Top of DATA TO PROCESS

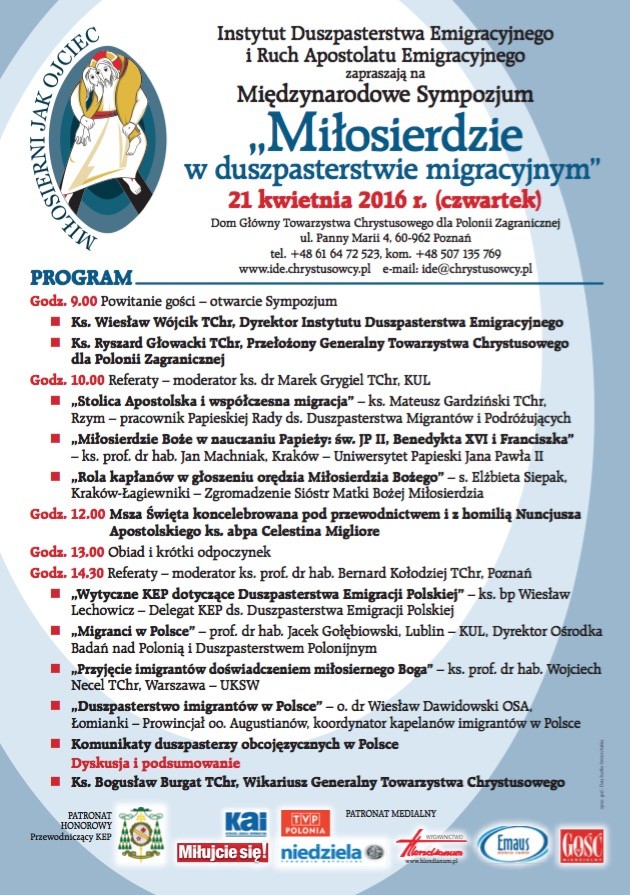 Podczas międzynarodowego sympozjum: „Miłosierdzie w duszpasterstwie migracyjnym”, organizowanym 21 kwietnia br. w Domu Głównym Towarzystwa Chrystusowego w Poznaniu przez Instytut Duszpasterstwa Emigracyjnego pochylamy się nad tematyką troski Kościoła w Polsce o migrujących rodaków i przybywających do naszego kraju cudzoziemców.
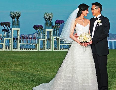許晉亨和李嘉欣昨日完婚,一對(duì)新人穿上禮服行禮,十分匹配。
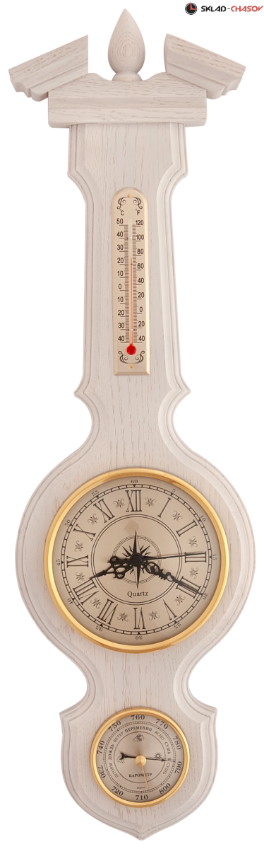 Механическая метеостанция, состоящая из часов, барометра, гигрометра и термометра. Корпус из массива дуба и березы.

Bottom of DATA TO PROCESS
Top of DATA TO PROCESS

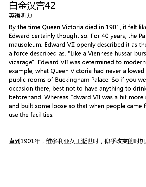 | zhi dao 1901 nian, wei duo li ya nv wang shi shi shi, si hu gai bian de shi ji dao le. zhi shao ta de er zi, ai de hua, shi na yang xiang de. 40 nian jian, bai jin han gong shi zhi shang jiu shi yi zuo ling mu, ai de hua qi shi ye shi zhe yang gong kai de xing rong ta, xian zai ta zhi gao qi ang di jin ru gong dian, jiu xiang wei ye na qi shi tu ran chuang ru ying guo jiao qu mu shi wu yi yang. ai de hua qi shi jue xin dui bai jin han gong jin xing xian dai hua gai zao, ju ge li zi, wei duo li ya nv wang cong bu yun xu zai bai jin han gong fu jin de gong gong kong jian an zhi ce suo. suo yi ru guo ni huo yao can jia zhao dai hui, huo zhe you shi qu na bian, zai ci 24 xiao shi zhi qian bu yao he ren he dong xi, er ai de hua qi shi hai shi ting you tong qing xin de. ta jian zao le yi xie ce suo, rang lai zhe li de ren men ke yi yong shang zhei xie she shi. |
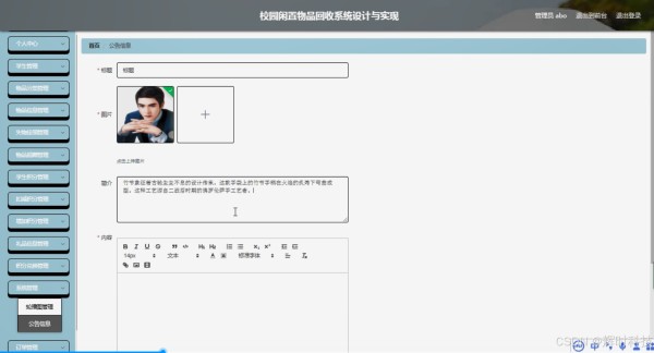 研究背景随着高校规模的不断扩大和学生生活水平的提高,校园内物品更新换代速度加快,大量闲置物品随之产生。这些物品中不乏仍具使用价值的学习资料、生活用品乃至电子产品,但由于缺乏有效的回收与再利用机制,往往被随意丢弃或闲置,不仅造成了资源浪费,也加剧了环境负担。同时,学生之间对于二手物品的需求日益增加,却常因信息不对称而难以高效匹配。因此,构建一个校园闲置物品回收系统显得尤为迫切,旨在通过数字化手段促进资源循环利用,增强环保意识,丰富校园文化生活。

Bottom of DATA TO PROCESS

### [ABOUT THIS EXERCISE]
Beginning with the line above that contains "xie she shi. |" and ending with the line that contains "研究背景随着高校规模的不断扩", quote each line exactly, keeping out the pictures.

### [EXPECTED OUTPUT]
 | zhi dao 1901 nian, wei duo li ya nv wang shi shi shi, si hu gai bian de shi ji dao le. zhi shao ta de er zi, ai de hua, shi na yang xiang de. 40 nian jian, bai jin han gong shi zhi shang jiu shi yi zuo ling mu, ai de hua qi shi ye shi zhe yang gong kai de xing rong ta, xian zai ta zhi gao qi ang di jin ru gong dian, jiu xiang wei ye na qi shi tu ran chuang ru ying guo jiao qu mu shi wu yi yang. ai de hua qi shi jue xin dui bai jin han gong jin xing xian dai hua gai zao, ju ge li zi, wei duo li ya nv wang cong bu yun xu zai bai jin han gong fu jin de gong gong kong jian an zhi ce suo. suo yi ru guo ni huo yao can jia zhao dai hui, huo zhe you shi qu na bian, zai ci 24 xiao shi zhi qian bu yao he ren he dong xi, er ai de hua qi shi hai shi ting you tong qing xin de. ta jian zao le yi xie ce suo, rang lai zhe li de ren men ke yi yong shang zhei xie she shi. |
 研究背景随着高校规模的不断扩大和学生生活水平的提高,校园内物品更新换代速度加快,大量闲置物品随之产生。这些物品中不乏仍具使用价值的学习资料、生活用品乃至电子产品,但由于缺乏有效的回收与再利用机制,往往被随意丢弃或闲置,不仅造成了资源浪费,也加剧了环境负担。同时,学生之间对于二手物品的需求日益增加,却常因信息不对称而难以高效匹配。因此,构建一个校园闲置物品回收系统显得尤为迫切,旨在通过数字化手段促进资源循环利用,增强环保意识,丰富校园文化生活。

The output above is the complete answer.